For almost every weird or odd belief you've heard that at least some Mormons believe, there are usually a combination of scriptures and old leadership quotes behind it, but the modern teachings have left them behind with the hope that if these odd teachings are ignored they'll go away (which works out pretty well, for the most part).
This is mostly an issue of the hierarchal/revelatory nature of the church.
If every folk belief held by any Pope or Church Father was held as a controlling 'belief' of the Catholic Church, it'd spin apart instantly via the contradictions.
The 'Mormon' church has to deal with the contradiction of near-infallibility of its leaders with their very human frailties and willingness to opine on things without much knowledge.
Considering their need to weld together tens of thousands of converts under murder, oppression, and official government endorsement of their extermination, it was understandable they needed to centralize a belief in their leadership in order to survive. Climbing down from that philosophy has been understandably fraught and drawn out.
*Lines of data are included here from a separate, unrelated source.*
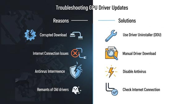 新しいGPUドライバーのインストールが失敗する主な原因の一つに、以前のバージョンのドライバーや設定ファイルがパソコン内に残っていることが挙げられます。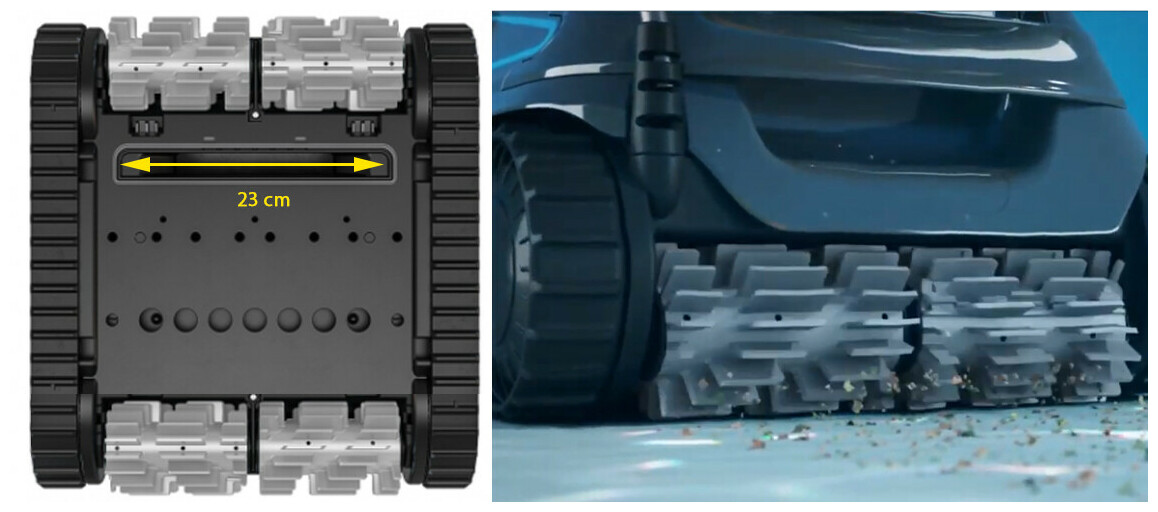 - Sécurité lors des déplacements : si le robot se soulève sur les roues arrière au cours d'une rotation, un mécanisme permet de le repositionner à plat sur le fond du bassin.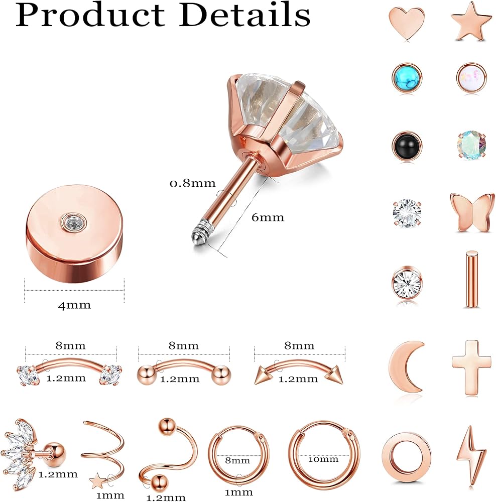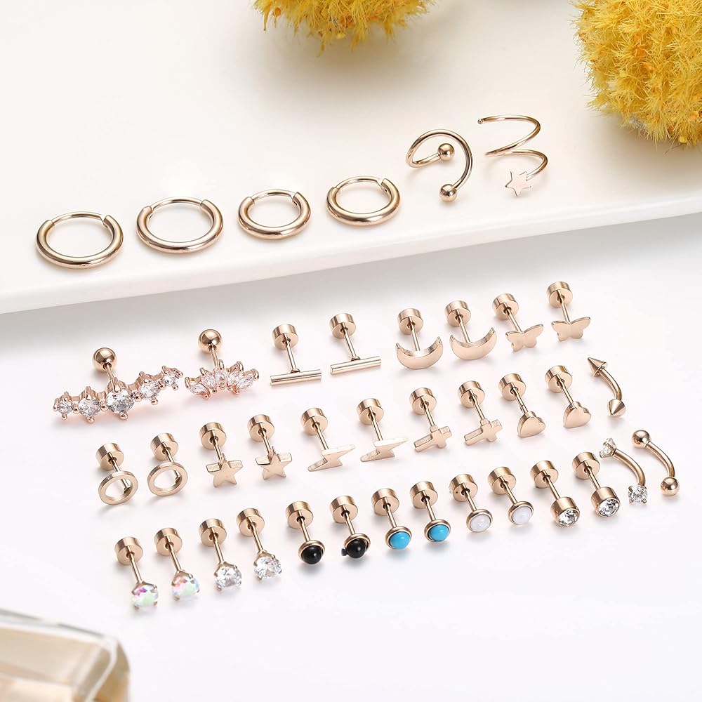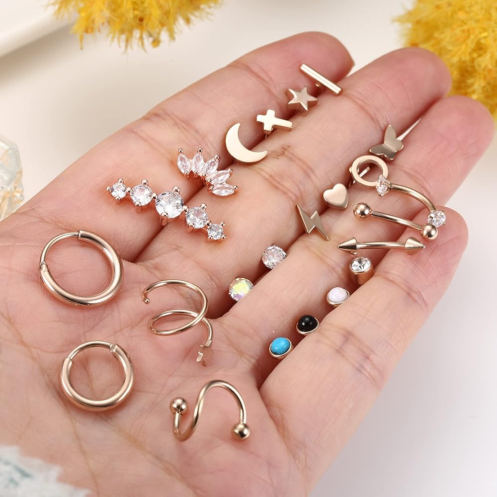 مجموعة أقراط الغضروف: مجموعة أقراط تتضمن 14 زوجًا من الأقراط الغضروفية، وزوجين من الأقراط الغضروفية، و3 قطع من الأثقال المنحنية، وقطعتين من الأقراط الحلزونية الحلزونية الملتوية، وقطعة واحدة من حلق الغضروف المنحني تشيكوسلوفاكيا وقطعة واحدة من قرط الغضروف على شكل تاج، مجوهرات ثقب الأذن المثالية لعدة أشخاص ثقب.

It depends on the family. My girlfriend wasn't allowed to drink any caffeine when she was a kid. Caffeine was normal in my family though. Coffee is pretty universally frowned upon (I don't get it either). Apparently Mtn Dew > Coffee as it pertains to health. They base their dietary standard on the "Word of Wisdom".
Source: grew up Mormon, and still have a close relationship with my Mormon family.
It's not caffeine. It's coffee, black/green tea, and alcohol. Soda has caffeine and is seen as okay.
Think of it as Jewish Kosher or Muslim Halal.